Drug resistant infections are an increasing problem world-wide, responsible for an estimated 700,000 annual mortalities. The use of antibiotics to treat such infections has resulted in the development of resistant bacterial pathogens such as methicillin-resistant Staphylococcus aureus (MRSA). One potential alternative strategy for treating drug resistant bacterial infections is to inhibit the production of toxins, thereby making the bacteria less harmful to the host, a so called “anti-virulence” approach. In MRSA, the agr quorum sensing system is one of the major regulators of toxin production, and quorum sensing inhibitors that target this system are a promising anti-virulence strategy. With this study, we developed a method that enables the activity of quorum sensing inhibitors to be measured using ultra-performance liquid chromatography coupled to mass spectrometry (UPLC-MS). This method is an improvement over existing methods because it can be employed to distinguish antimicrobial activity from quorum sensing inhibition activity based on the UPLC-MS data. This is possible by simultaneously tracking production of metabolites regulated by the agr quorum sensing system (AIP-I and formylated δ-toxin) and a metabolite that appears not to be agr regulated under the conditions of this study (aureusimine B). The newly developed method provides more nuanced indication of how metabolite production changes over time and in response to quorum sensing or growth inhibition than is possible with commonly employed spectroscopic methods.

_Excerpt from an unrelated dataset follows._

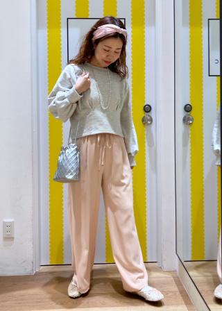 ウエストにタックが入っており、丈もお腹が隠れるぐらいのスッキリとしたスウェットです。

抗药性感染是世界范围内日益严重的问题，估计每年造成 700,000 人死亡。使用抗生素治疗此类感染导致了耐药细菌病原体的产生，例如耐甲氧西林金黄色葡萄球菌(MRSA)。治疗耐药细菌感染的一种潜在替代策略是抑制毒素的产生，从而降低细菌对宿主的危害，即所谓的“抗毒力”方法。在 MRSA 中，agr群体感应系统是毒素产生的主要调节器之一，针对该系统的群体感应抑制剂是一种很有前途的抗毒力策略。通过这项研究，我们开发了一种方法，可以使用超高效液相色谱与质谱联用 (UPLC-MS) 测量群体感应抑制剂的活性。该方法是对现有方法的改进，因为它可用于根据 UPLC-MS 数据区分抗菌活性和群体感应抑制活性。这可以通过同时跟踪受agr群体感应系统（AIP-I 和甲酰化 δ-毒素）调节的代谢物和似乎不是agr的代谢物的产生来实现。在本研究的条件下进行调节（金黄色亚胺 B）。与常用光谱方法相比，新开发的方法提供了更细致的指示，说明代谢物产生如何随时间变化以及如何响应群体感应或生长抑制。